The GPflow docs provide an example for multi-class classification with the robust-max function. I am trying to train a multi-class classifier with the softmax likelihood instead, which is also implemented in GPflow but I can't find any documentation or examples on how to use it correctly.
Please find an example of what I have tried below. During training, the loss decreases smoothly.
The robust-max example mentioned above uses categorical labels, i.e., values 0, 1, 2, but simply replacing the robust-max by the softmax likelihood raises an IndexError in the quadrature method. Therefore, I assume this model with the softmax likelihood requires one-hot encoded labels. At test time, however, I noticed that for this three-class toy example the model never predicts class 3. Upon closer inspection, the softmax likelihood has the following method
def _log_prob(self, F, Y):
        return -tf.nn.sparse_softmax_cross_entropy_with_logits(logits=F, labels=Y[:, 0])
which looks like it expects an array of categorical labels of shape [num_samples, 1].
What is the right way to use the softmax likelihood for GP multi-class classification?
import numpy as np
import tensorflow as tf
import gpflow
from gpflow.likelihoods.multiclass import Softmax
from tqdm.auto import tqdm
np.random.seed(0)
tf.random.set_seed(123)
# Number of functions and number of data points
num_classes = 3
N = 100
# Create training data
# Jitter
jitter_eye = np.eye(N) * 1e-6
# Input
X = np.random.rand(N, 1)
# SquaredExponential kernel matrix
kernel_se = gpflow.kernels.SquaredExponential(lengthscales=0.1)
K = kernel_se(X) + jitter_eye
# Latents prior sample
f = np.random.multivariate_normal(mean=np.zeros(N), cov=K, size=(num_classes)).T
# Hard max observation
Y = np.argmax(f, 1).reshape(-1,).astype(int)
# One-hot encoding
Y_hot = np.zeros((N, num_classes), dtype=np.int)
Y_hot[np.arange(N), Y] = 1
data = (X, Y_hot)
# sum kernel: Matern32 + White
kernel = gpflow.kernels.Matern32() + gpflow.kernels.White(variance=0.01)
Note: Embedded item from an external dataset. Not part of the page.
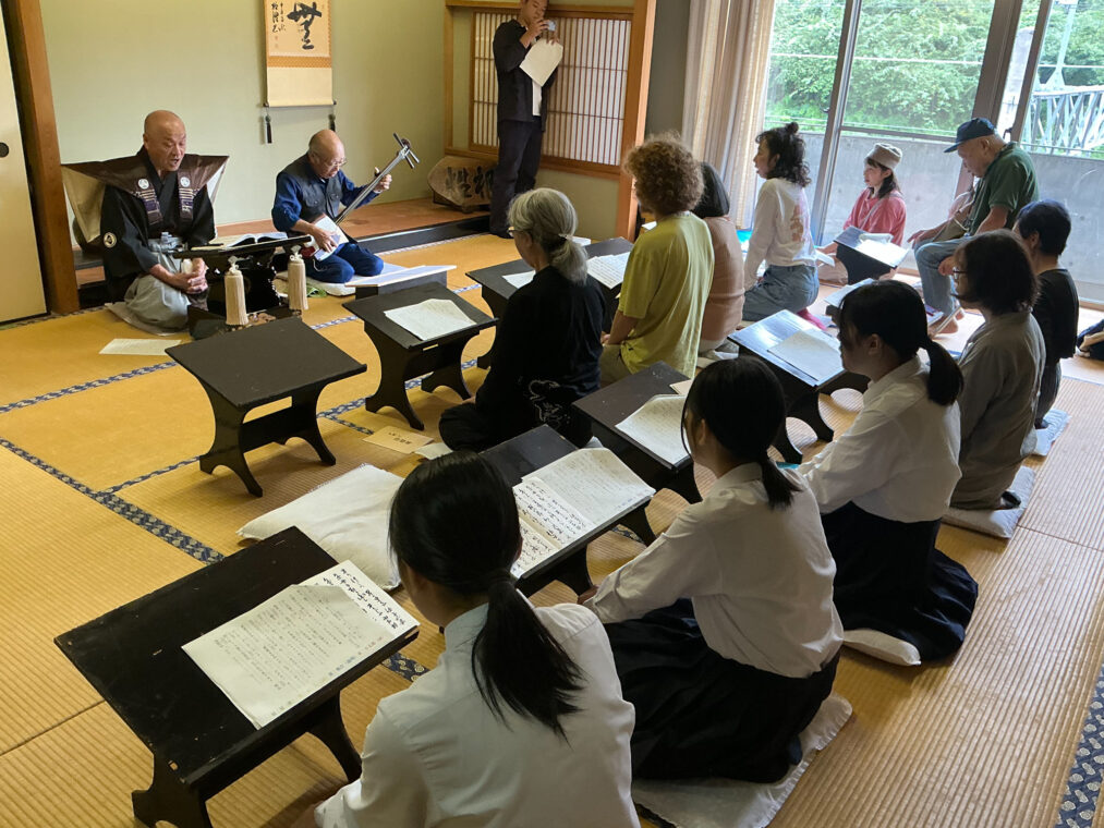 19日(日)に京都府地域プログラム「まねてまなぶ伝統芸能」のワークショップ「まねっこ語り」が和知ふれあいセンターで行われました。本校の2年生3名も参加し、他の参加者と一緒に和知人形浄瑠璃の語りを体験しました。遠方から初めて参加された方や海外からの留学生も参加しておられ、楽しみながら活動していました。講師の和知人形浄瑠璃会さんの模範はさすがでした。来週の文化祭の中学生の人形浄瑠璃も楽しみです。

likelihood = Softmax(num_classes)
m = gpflow.models.VGP(
    data=data,
    kernel=kernel,
    likelihood=likelihood,
    num_latent_gps=num_classes,
)
def run_adam(model, iterations):
    """
    Utility function running the Adam optimizer
    """
    # Create an Adam Optimizer action
    losses = []
    training_loss = model.training_loss
    optimizer = tf.optimizers.Adam()
    @tf.function
    def optimization_step():
        optimizer.minimize(training_loss, model.trainable_variables)
    for step in tqdm(range(iterations), total=iterations):
        optimization_step()
        if step % 10 == 0:
            elbo = -training_loss().numpy()
            losses.append(elbo)
    return losses
run_adam(model=m, iterations=10000)
y_pred = m.predict_y(X)[0]
print("Training accuracy: {:3.2f}".format(np.mean(Y == np.argmax(y_pred, axis=1))))
 
                        
Softmax uses Monte Carlo to estimate the expected log likelihood, so you do always need Adam. The nice thing about RobustMax is that for the full dataset, you can use bfgs. My experience is that RobustMax isn't that great from a statistical perspective though...
I can never remember what form the labels should be passed in, and it's very possible that there is a difference between
RobustMaxandSoftMax. You found the correct method, and I would refer to the TensorFlow documentation oftf.nn.sparse_softmax_cross_entropy_with_logits()to determine what the right format is.